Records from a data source
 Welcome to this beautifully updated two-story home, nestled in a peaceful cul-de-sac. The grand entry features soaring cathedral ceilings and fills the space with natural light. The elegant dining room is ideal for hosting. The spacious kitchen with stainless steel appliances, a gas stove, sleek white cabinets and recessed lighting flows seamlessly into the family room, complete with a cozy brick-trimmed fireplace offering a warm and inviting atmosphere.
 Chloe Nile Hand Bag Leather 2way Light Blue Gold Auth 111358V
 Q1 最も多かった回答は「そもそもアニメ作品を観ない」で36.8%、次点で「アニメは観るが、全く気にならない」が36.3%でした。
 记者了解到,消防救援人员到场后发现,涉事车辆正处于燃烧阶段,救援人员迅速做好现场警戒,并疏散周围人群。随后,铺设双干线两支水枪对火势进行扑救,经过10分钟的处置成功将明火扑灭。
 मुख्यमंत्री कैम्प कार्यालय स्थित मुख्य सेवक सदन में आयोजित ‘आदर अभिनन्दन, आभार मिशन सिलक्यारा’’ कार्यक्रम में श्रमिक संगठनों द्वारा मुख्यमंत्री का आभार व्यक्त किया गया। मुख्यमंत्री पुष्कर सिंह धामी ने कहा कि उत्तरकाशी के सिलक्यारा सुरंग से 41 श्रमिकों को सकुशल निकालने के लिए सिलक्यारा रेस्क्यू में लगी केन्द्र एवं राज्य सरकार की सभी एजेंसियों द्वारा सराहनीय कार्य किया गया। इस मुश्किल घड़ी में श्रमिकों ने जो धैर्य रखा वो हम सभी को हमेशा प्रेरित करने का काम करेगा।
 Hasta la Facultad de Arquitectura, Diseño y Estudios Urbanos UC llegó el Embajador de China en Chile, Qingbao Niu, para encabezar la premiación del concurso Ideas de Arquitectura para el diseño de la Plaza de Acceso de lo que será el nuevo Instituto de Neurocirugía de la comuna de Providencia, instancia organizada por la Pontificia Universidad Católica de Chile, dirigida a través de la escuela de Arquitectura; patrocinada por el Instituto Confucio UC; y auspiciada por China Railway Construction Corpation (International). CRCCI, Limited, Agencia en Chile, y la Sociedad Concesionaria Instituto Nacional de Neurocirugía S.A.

Aim of the exercise
Each record must be returned exactly as it is written.

Problem solution
 Welcome to this beautifully updated two-story home, nestled in a peaceful cul-de-sac. The grand entry features soaring cathedral ceilings and fills the space with natural light. The elegant dining room is ideal for hosting. The spacious kitchen with stainless steel appliances, a gas stove, sleek white cabinets and recessed lighting flows seamlessly into the family room, complete with a cozy brick-trimmed fireplace offering a warm and inviting atmosphere.
 Chloe Nile Hand Bag Leather 2way Light Blue Gold Auth 111358V
 Q1 最も多かった回答は「そもそもアニメ作品を観ない」で36.8%、次点で「アニメは観るが、全く気にならない」が36.3%でした。
 记者了解到,消防救援人员到场后发现,涉事车辆正处于燃烧阶段,救援人员迅速做好现场警戒,并疏散周围人群。随后,铺设双干线两支水枪对火势进行扑救,经过10分钟的处置成功将明火扑灭。
 मुख्यमंत्री कैम्प कार्यालय स्थित मुख्य सेवक सदन में आयोजित ‘आदर अभिनन्दन, आभार मिशन सिलक्यारा’’ कार्यक्रम में श्रमिक संगठनों द्वारा मुख्यमंत्री का आभार व्यक्त किया गया। मुख्यमंत्री पुष्कर सिंह धामी ने कहा कि उत्तरकाशी के सिलक्यारा सुरंग से 41 श्रमिकों को सकुशल निकालने के लिए सिलक्यारा रेस्क्यू में लगी केन्द्र एवं राज्य सरकार की सभी एजेंसियों द्वारा सराहनीय कार्य किया गया। इस मुश्किल घड़ी में श्रमिकों ने जो धैर्य रखा वो हम सभी को हमेशा प्रेरित करने का काम करेगा।
 Hasta la Facultad de Arquitectura, Diseño y Estudios Urbanos UC llegó el Embajador de China en Chile, Qingbao Niu, para encabezar la premiación del concurso Ideas de Arquitectura para el diseño de la Plaza de Acceso de lo que será el nuevo Instituto de Neurocirugía de la comuna de Providencia, instancia organizada por la Pontificia Universidad Católica de Chile, dirigida a través de la escuela de Arquitectura; patrocinada por el Instituto Confucio UC; y auspiciada por China Railway Construction Corpation (International). CRCCI, Limited, Agencia en Chile, y la Sociedad Concesionaria Instituto Nacional de Neurocirugía S.A.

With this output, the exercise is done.